Dr. Pelletier applies chemical biology and genetic approaches to dissect and target vulnerabilities in the translation initiation pathway. Insight gained from these studies will help better understand the regulation of tumor intrinsic and extrinsic survival processes.
The Siegel lab is focused on delineating mechanisms that control cancer cells' ability to metastasize to different organs and tissues in the body. Our research investigates how cancer cells interact with the distinct microenvironments to form metastases in sites like the bone, lungs, liver or brain. We work to identify functionally important and clinically validated mediators of the metastatic process that can be targeted through the generation of novel therapeutic agents.

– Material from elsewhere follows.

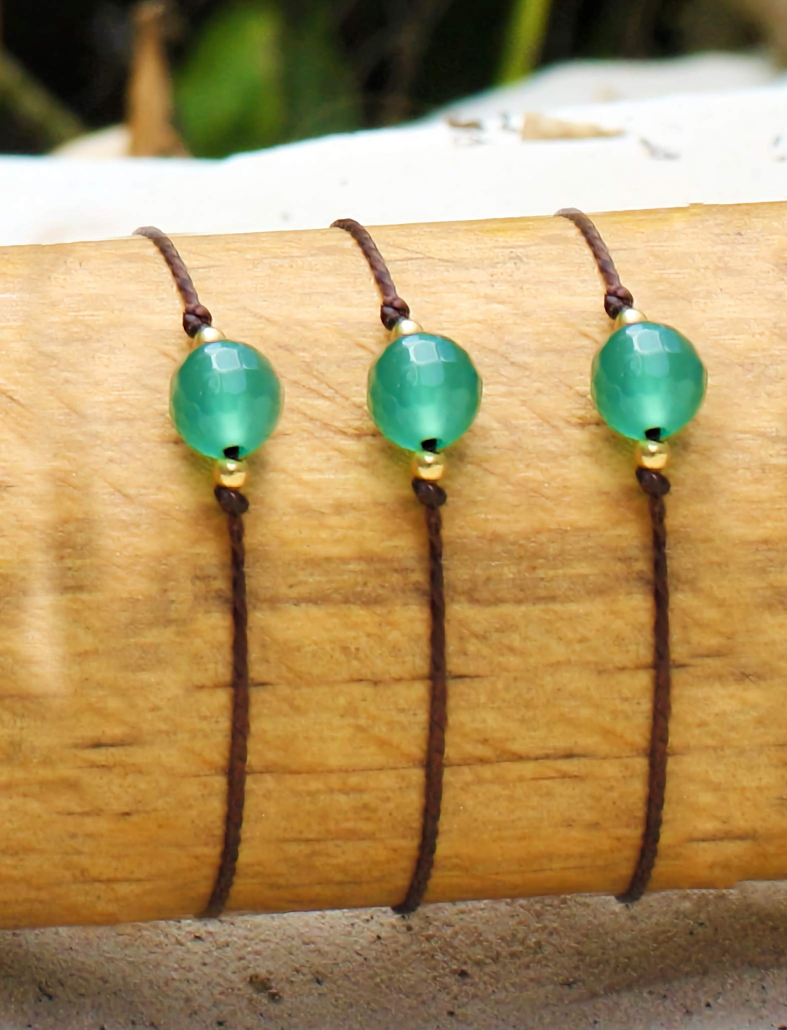 Detalles: Set de 3 pulseras en hilo encerado con una piedra en el centro de Ágata Verde para protección. El Ágata verde: potencia el equilibrio entre emociones y cuerpo físico por lo que se puede decir que es la roca que mejora la espiritualidad y abre nuevos canales de percepción. Un hermoso set ideal para regalos, vienen empacados individualmente para mayor facilidad. Medida de la pulsera: Ajustable le queda a cualquier medida. Contenido del empaque: 3 pulseras iguales de ágata verde. En Libela todos nuestros diseños son hechos a mano de forma artesanal por mujeres mexicanas utilizamos Cuarzos y Piedras semipreciosas obtenidas de diferentes ciudades de Mexico. .

Dr. Teodoro’s research program aims to identify the molecular pathways that limit tumour growth and to delineate the mechanisms by which they become subverted in cancer.
Dr Walsh's lab focuses on using translational genetics and immunogenomics to develop personalized medicine strategies.
Dr. Yamanaka’s group studies the mechanisms regulating epithelial morphogenesis in development and cancer. Using mouse models and in vitro 3D culture, they investigate early events of ovarian cancer and peritoneal metastasis.
Dr. George Zogopoulos’ research focuses on the genetics and oncogenomics of pancreaticobiliary cancers.